** Opening EXERCISE MATERIAL block **

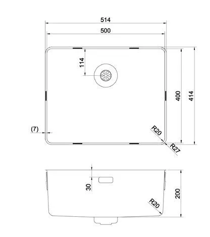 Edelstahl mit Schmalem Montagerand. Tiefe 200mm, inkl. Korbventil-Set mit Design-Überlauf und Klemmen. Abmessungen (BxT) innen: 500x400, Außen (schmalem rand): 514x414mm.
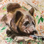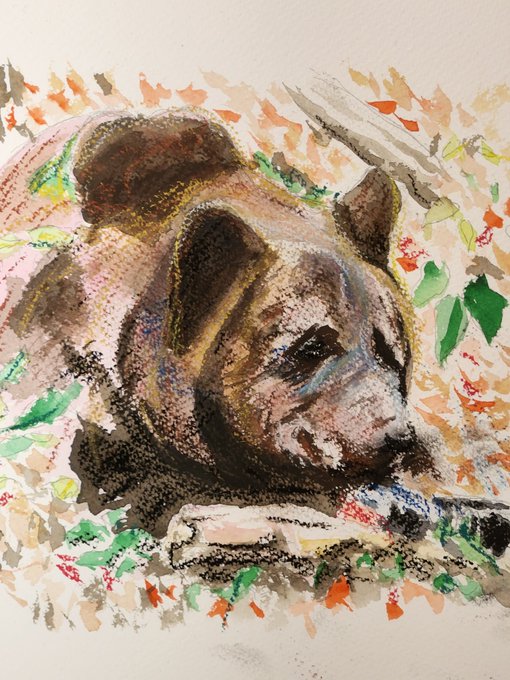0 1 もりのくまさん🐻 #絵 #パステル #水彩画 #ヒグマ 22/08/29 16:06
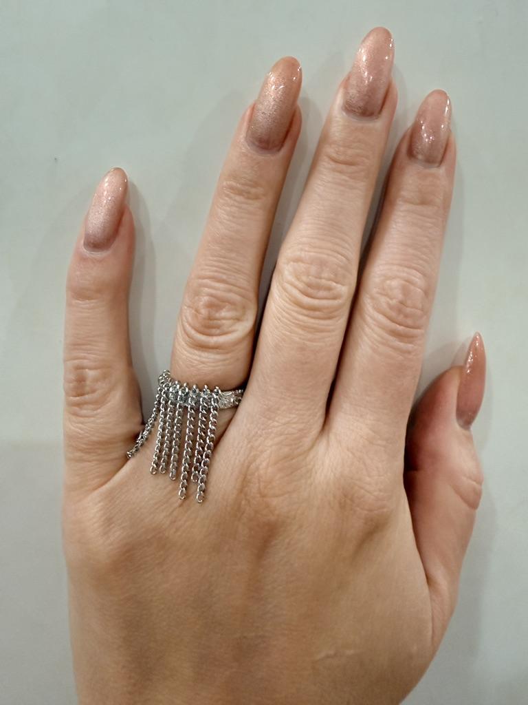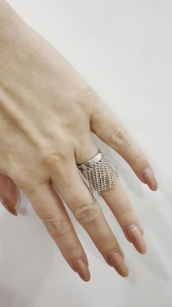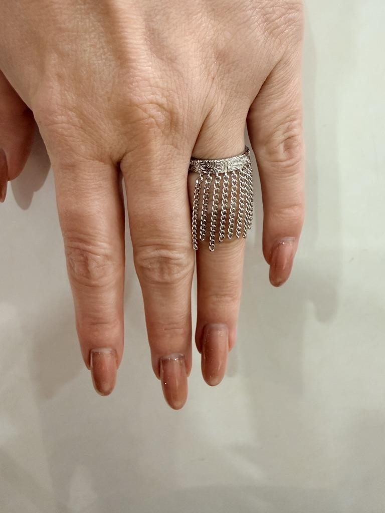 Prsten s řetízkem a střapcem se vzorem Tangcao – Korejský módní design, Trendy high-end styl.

** Closing EXERCISE MATERIAL block **
** Opening EXERCISE MATERIAL block **

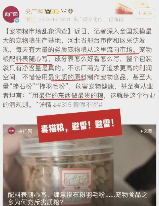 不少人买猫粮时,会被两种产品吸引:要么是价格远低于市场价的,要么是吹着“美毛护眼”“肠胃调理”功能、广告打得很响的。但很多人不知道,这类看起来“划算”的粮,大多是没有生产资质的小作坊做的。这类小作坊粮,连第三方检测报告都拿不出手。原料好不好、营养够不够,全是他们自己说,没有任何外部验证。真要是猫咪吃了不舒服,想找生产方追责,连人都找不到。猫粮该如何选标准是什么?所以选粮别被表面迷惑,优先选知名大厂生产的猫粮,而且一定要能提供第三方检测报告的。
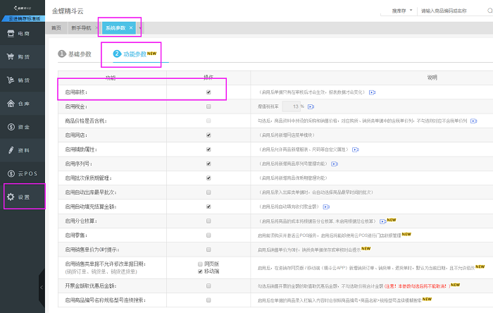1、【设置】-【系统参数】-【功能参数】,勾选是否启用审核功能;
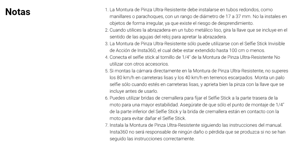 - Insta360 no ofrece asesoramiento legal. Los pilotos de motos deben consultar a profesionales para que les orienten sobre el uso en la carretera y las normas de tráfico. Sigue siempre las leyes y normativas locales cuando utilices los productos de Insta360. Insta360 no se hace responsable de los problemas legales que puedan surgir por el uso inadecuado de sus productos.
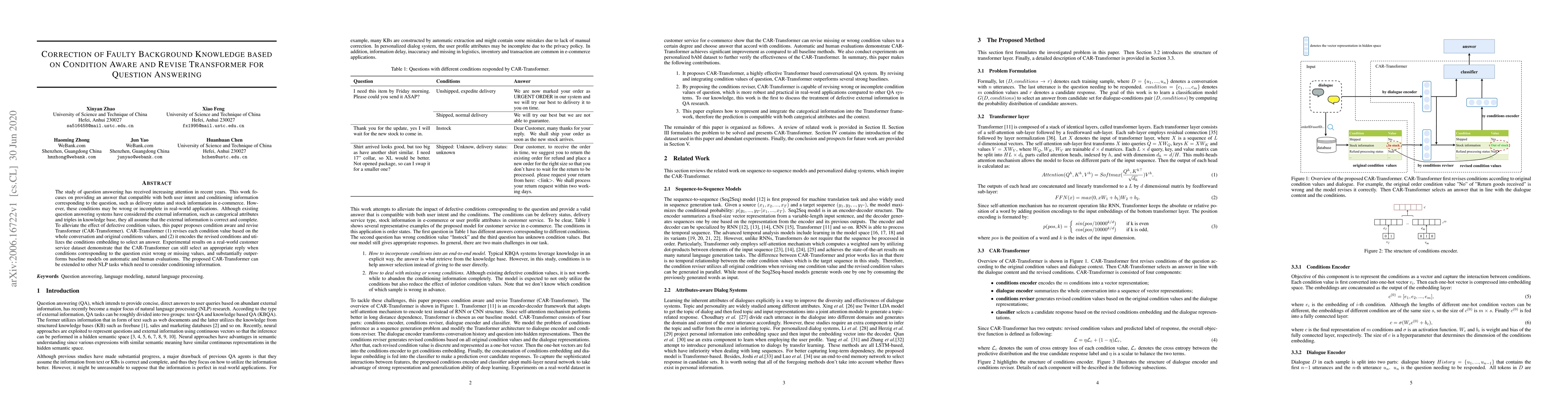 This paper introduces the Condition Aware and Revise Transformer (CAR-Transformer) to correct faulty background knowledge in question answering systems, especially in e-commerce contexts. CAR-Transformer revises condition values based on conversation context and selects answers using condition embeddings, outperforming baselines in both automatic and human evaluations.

** Closing EXERCISE MATERIAL block **

WHAT THE EXERCISE ASKS: Lines from the one above containing "Edelstahl mit Schmalem" down to the one containing "Prsten s řetízkem" should be transcribed exactly, with both ends kept and no pictures.

ANSWER SECTION:
 Edelstahl mit Schmalem Montagerand. Tiefe 200mm, inkl. Korbventil-Set mit Design-Überlauf und Klemmen. Abmessungen (BxT) innen: 500x400, Außen (schmalem rand): 514x414mm.
0 1 もりのくまさん🐻 #絵 #パステル #水彩画 #ヒグマ 22/08/29 16:06
 Prsten s řetízkem a střapcem se vzorem Tangcao – Korejský módní design, Trendy high-end styl.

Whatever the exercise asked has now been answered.